# Goal of the exercise
Return the listing below unchanged, minus its pictures.

# Source data
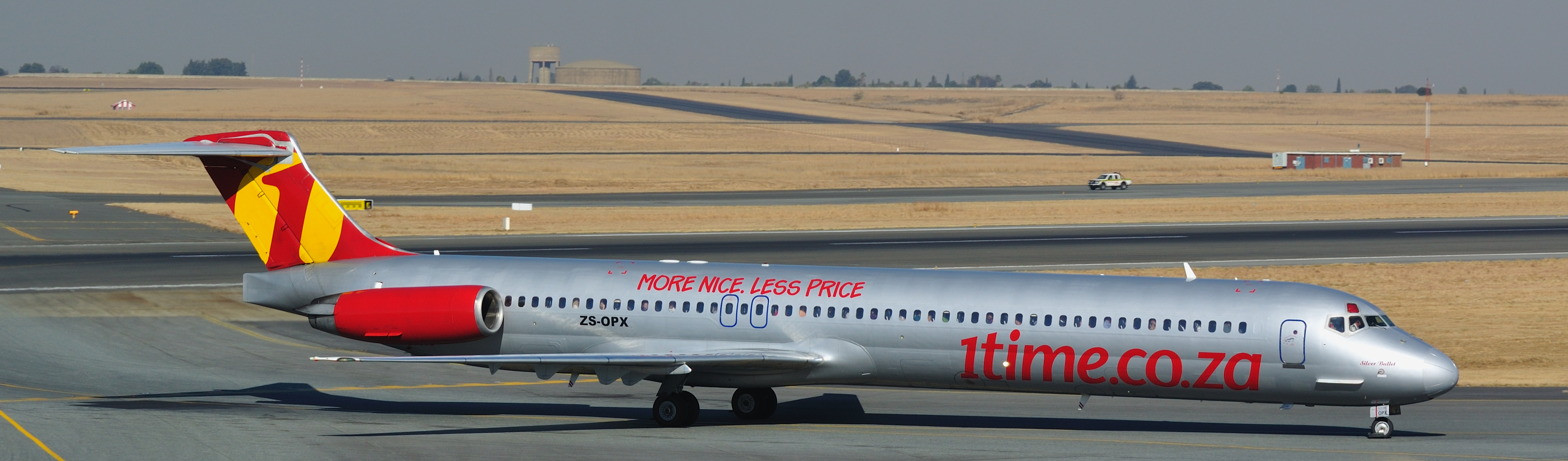 1타임 맥도넬 더글러스 MD-83 ZS-OPX가 OR 탐보 국제공항에 있다.
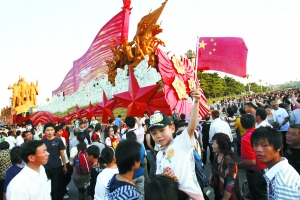 “黃金周”期間,天安門廣場人流如織,中外游客超過820萬人次,超過2008年國慶黃金周北京接待的游客總?cè)藬?shù)。北京市旅游局統(tǒng)計(jì),北京203個(gè)主要景點(diǎn)接待游客的總量突破了950萬人次。
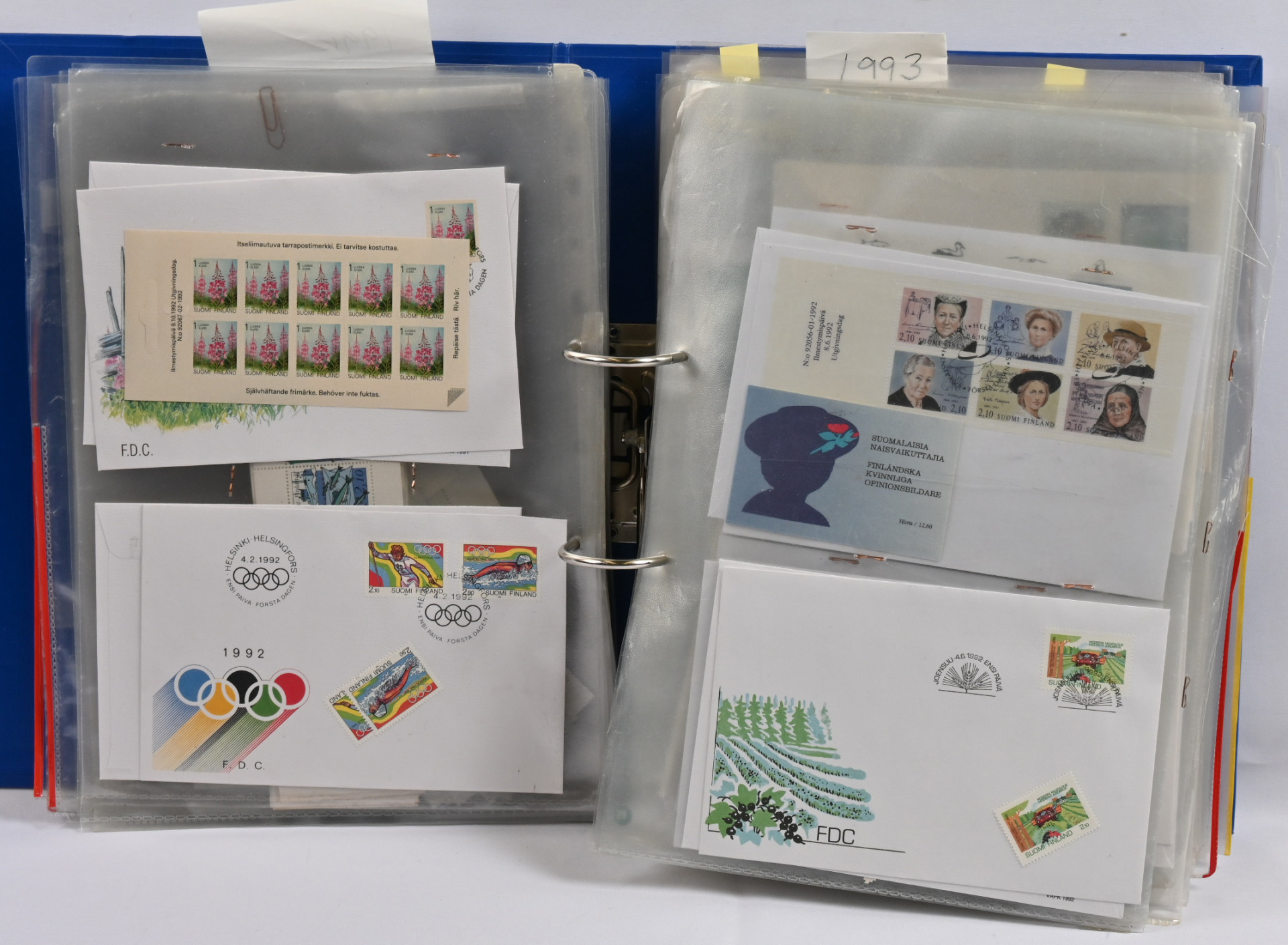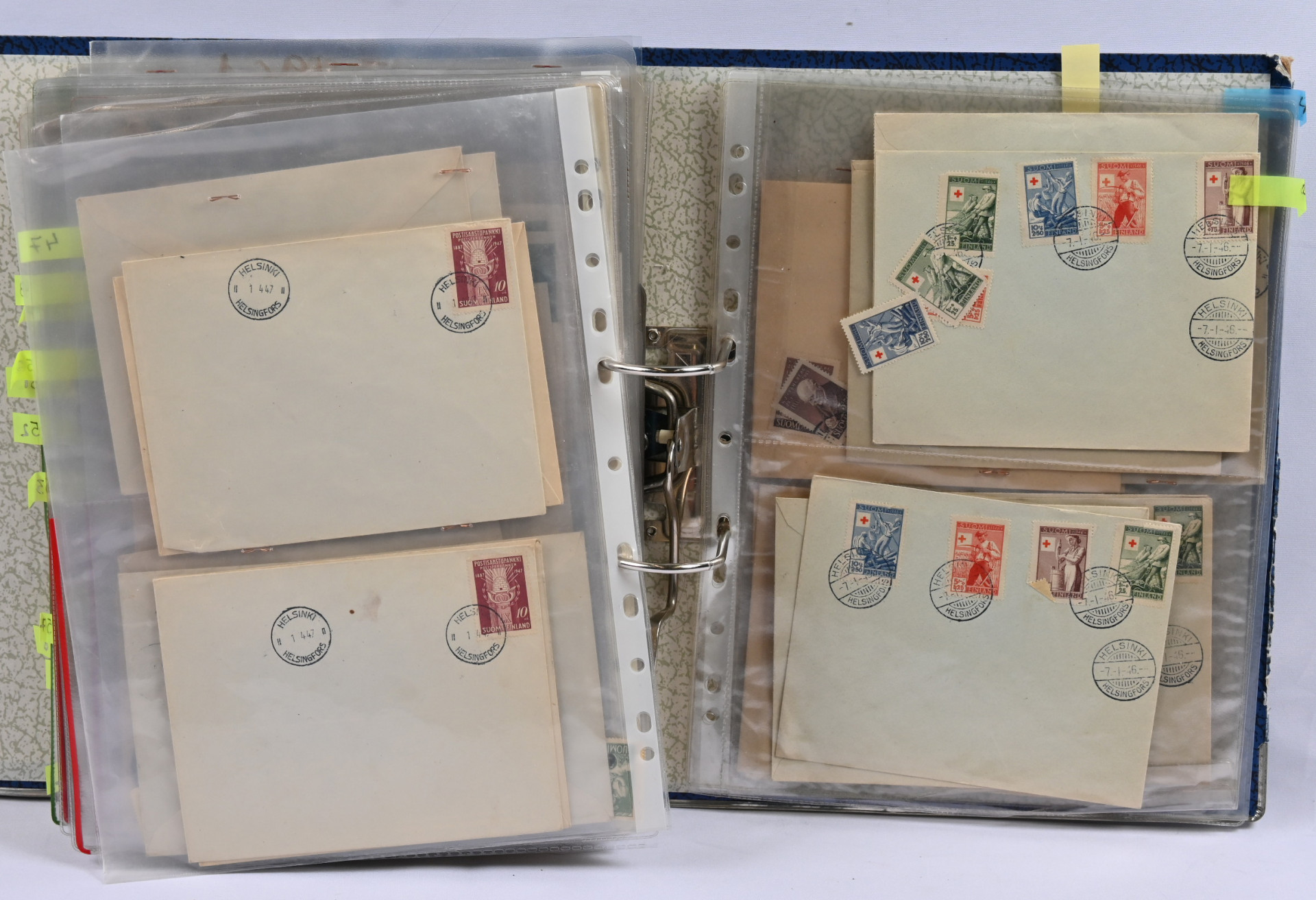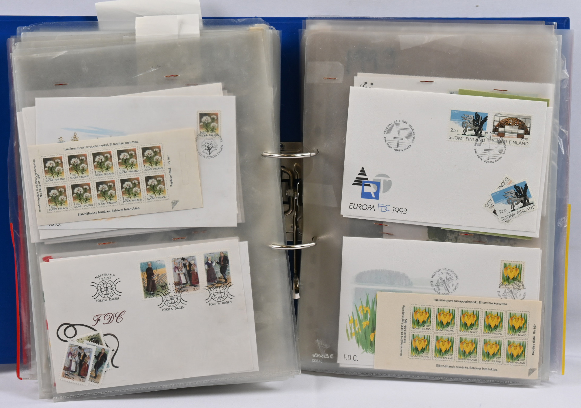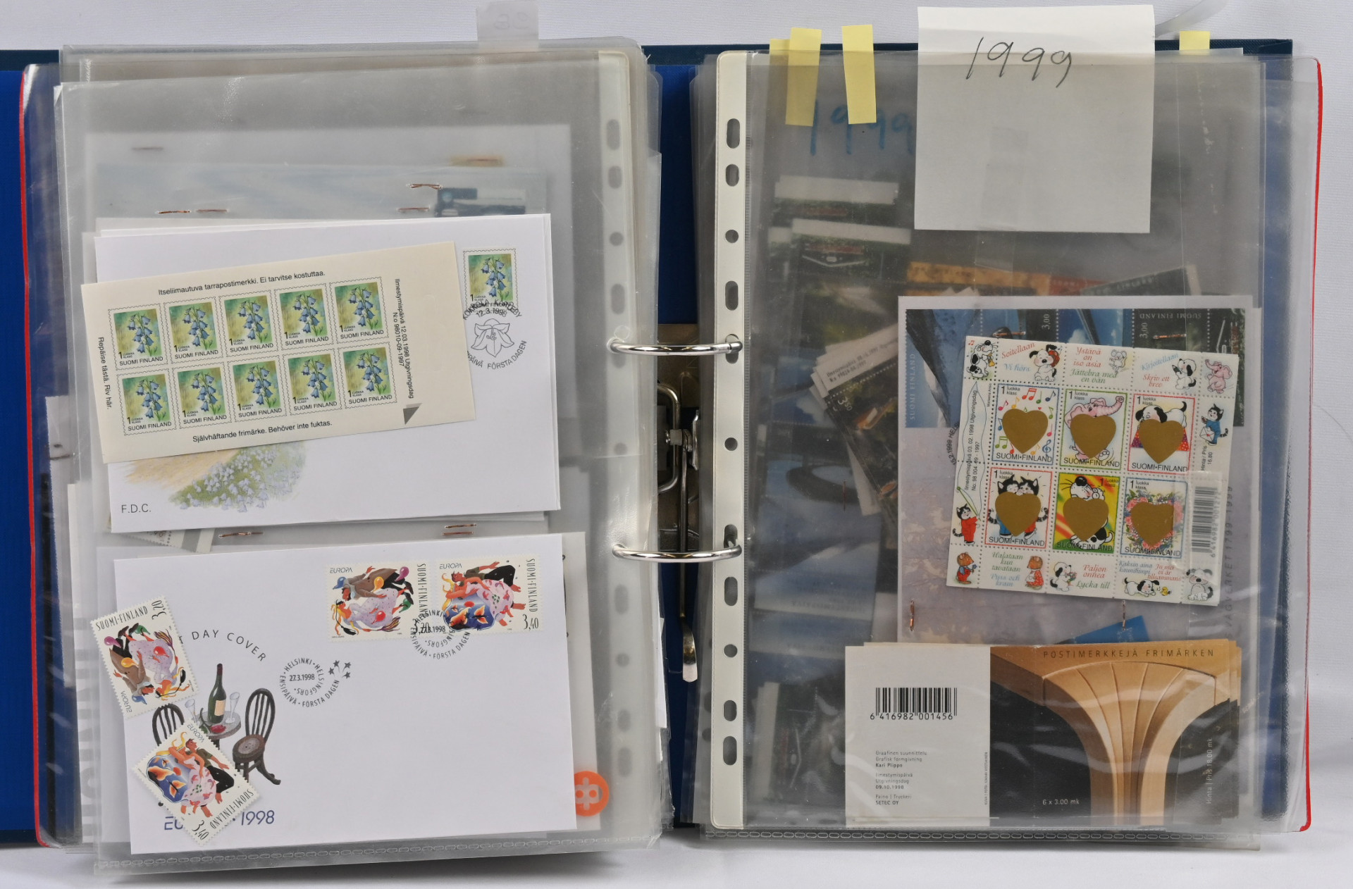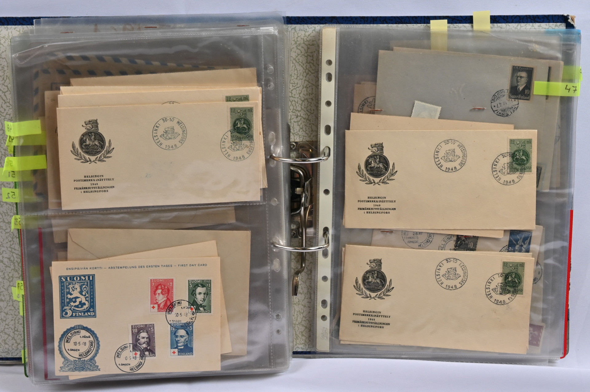 1940-luvulta 2000-luvulle iso FDC ja merkkivarasto kahdeksassa mapissa uudemmassa päässä mm. vihkoja ja pienoisarkkeja ** myös 1. luokan merkkejä! Vanhassa päässä pikku hyviä FDC:tä kuten m/30 leijonat 3 markkaa ja 12/10 markkaa, 1946 PR sarjaa useampi jne.

# Answer below
 1타임 맥도넬 더글러스 MD-83 ZS-OPX가 OR 탐보 국제공항에 있다.
 “黃金周”期間,天安門廣場人流如織,中外游客超過820萬人次,超過2008年國慶黃金周北京接待的游客總?cè)藬?shù)。北京市旅游局統(tǒng)計(jì),北京203個(gè)主要景點(diǎn)接待游客的總量突破了950萬人次。
 1940-luvulta 2000-luvulle iso FDC ja merkkivarasto kahdeksassa mapissa uudemmassa päässä mm. vihkoja ja pienoisarkkeja ** myös 1. luokan merkkejä! Vanhassa päässä pikku hyviä FDC:tä kuten m/30 leijonat 3 markkaa ja 12/10 markkaa, 1946 PR sarjaa useampi jne.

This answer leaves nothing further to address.